Efficient tandem capillary flow LC-MS with short μPAC columns and a single ionization source

Significance of the topic

In bottom-up proteomics, increasing sample throughput and maintaining performance is critical. Capillary flow LC-MS offers robust separation at flow rates above 1 μL/min. Tandem LC setup with rapid switching reduces downtime, improving productivity in large-scale proteomic workflows.

Objectives and study overview

• Evaluate productivity, performance, and robustness of a tandem capillary flow LC-MS system using μPAC Neo HT Plus columns in a Vanquish Neo UHPLC platform.
• Optimize three throughput methods: 200 samples per day (SPD), 180 SPD, and 100 SPD, for HeLa cell digest analysis.
• Assess column-to-column reproducibility across production batches.

Instrumentation used

• Thermo Scientific Vanquish Neo UHPLC with Tandem Direct Injection and dual low-dispersion 6-port valves.
• Two μPAC Neo High-Throughput Plus capillary columns configured bidirectionally.
• Thermo Scientific EASY-Spray source with a single integrated liquid junction ESI emitter (20 μMD ID nanoViper line).
• Thermo Scientific Orbitrap Exploris 240 mass spectrometer operated in DIA mode.

Methodology

• HeLa digests prepared at 200 ng/μL in 0.1% TFA/1% ACN, sonicated, diluted, and vortexed.
• 10 μL injection loop minimized overhead time to approximately 1 minute.
• Flow rates of 2.5 μL/min and 1 μL/min were compared; 2.5 μL/min provided sharper peaks and higher identifications.
• DIA settings: MS1 resolution 60k, MS2 resolution 15k, AGC targets 300%/800%, isolation windows 8–15 Th scaled to throughput.
• Data analysis in Spectronaut 19 with 1% FDR threshold; PRTC peptides used for retention time reproducibility assessment.

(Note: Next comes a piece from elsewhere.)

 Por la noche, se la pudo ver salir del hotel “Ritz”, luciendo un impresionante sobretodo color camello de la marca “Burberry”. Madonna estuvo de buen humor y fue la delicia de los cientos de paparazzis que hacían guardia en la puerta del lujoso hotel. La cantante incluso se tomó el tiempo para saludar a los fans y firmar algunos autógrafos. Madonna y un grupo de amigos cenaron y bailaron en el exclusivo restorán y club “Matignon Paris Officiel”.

Key results and discussion

• The tandem workflow increased productivity by 16–33% over direct injection and by 9–17% vs. trap-and-elute workflows.
• At 200 SPD and 2.5 μL/min, ~3 663 protein groups were identified per 200 ng HeLa digest (CV 5–7%).
• Optimized 180 SPD and 100 SPD methods yielded up to 4 713 and 5 692 protein groups, respectively, with median CVs ≤7%.
• Emitter ID selection (15 μMD fused silica vs. 30 μMD steel) had minimal impact on identifications, peak width, and TIC.
• Column reproducibility across 12 columns (4 production batches) was high: retention time CV 1.4–3.3%, protein ID variation ~1.4%.

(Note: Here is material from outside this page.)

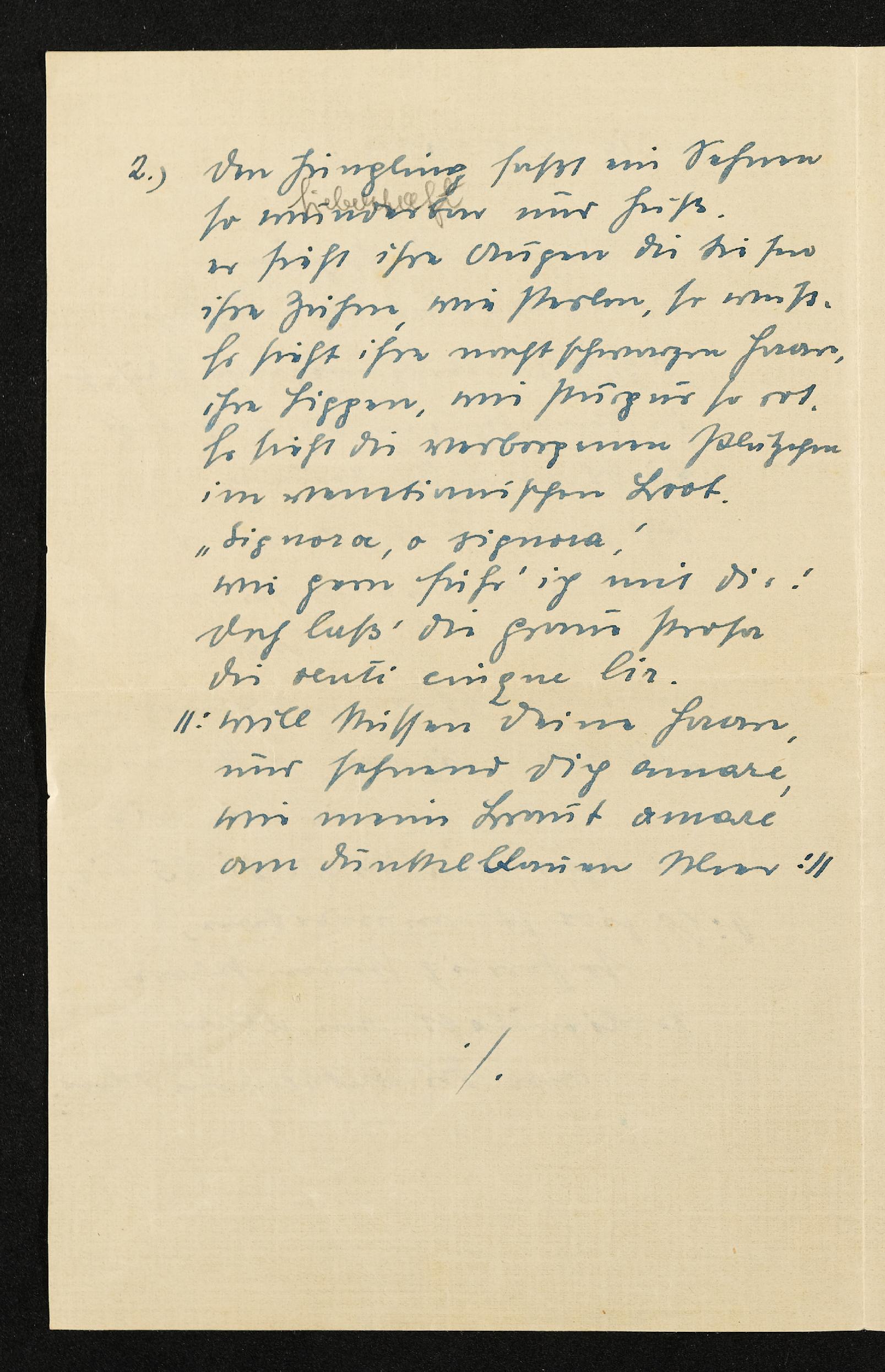 | Beschreibung | Eingelegtes Doppelblatt im Notizbuch von Ludwig Pullirsch, zweite Seite des Textes "Die Gondoliera" - aufgezeichnet am 6. März 1941 |

Benefits and practical applications

• Enhanced throughput supports large-scale proteomic studies and QA/QC analyses.
• Dual-column, single-emitter design reduces downtime without sacrificing chromatographic performance.
• Bidirectional μPAC columns and simplified plumbing eliminate extra grounding requirements.
• Robust retention time stability and low CV facilitate reproducible quantitative workflows.

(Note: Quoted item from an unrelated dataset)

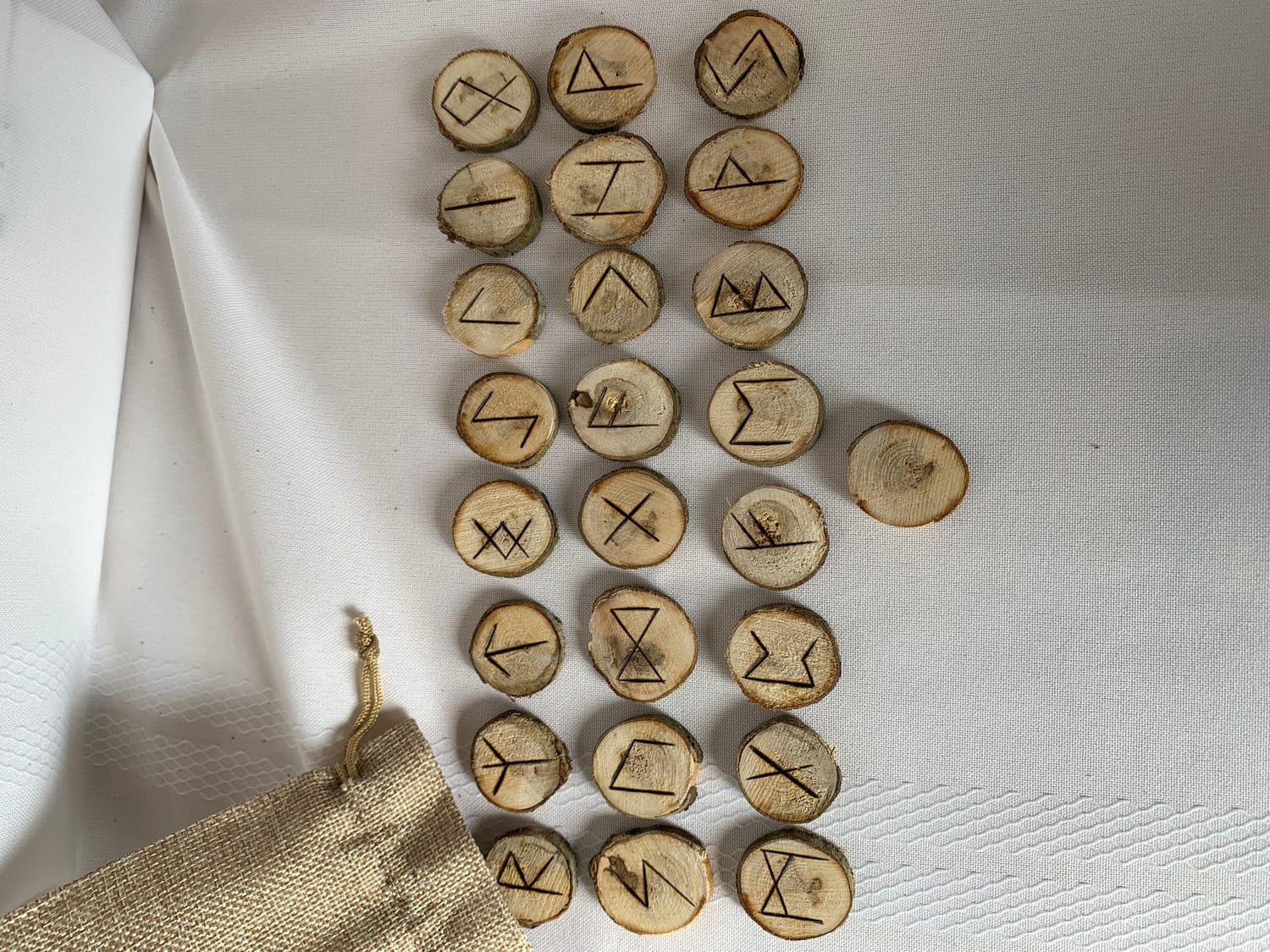 Chaque pièce est unique et diffère d'un jeu à l'autre selon les essences d'arbre utilisées (Hêtre, Érable, Frêne). Idéal pour ceux qui souhaitent faire des tirages runiques.

Future trends and opportunities

• Further reduction of gradient times and adoption of higher-capacity columns to exceed 200 SPD.
• Application in clinical proteomics, biomarker screening, and high-throughput pharmacoproteomics.
• Integration of advanced column chemistries and microfluidic interfaces to minimize dead volume.
• Combination with targeted DIA or PRM workflows for high-throughput quantitative assays.

Conclusion

The tandem capillary flow LC-MS workflow combining μPAC Neo HT Plus columns with the Vanquish Neo UHPLC and a single ESI emitter delivers over 30% productivity gains while maintaining deep proteome coverage and high reproducibility, offering a versatile solution for both discovery and routine proteomics.

References

1. Thermo Fisher Scientific TN003314. A dual-column, single-spray configuration for capillary and micro-flow LC-MS applications.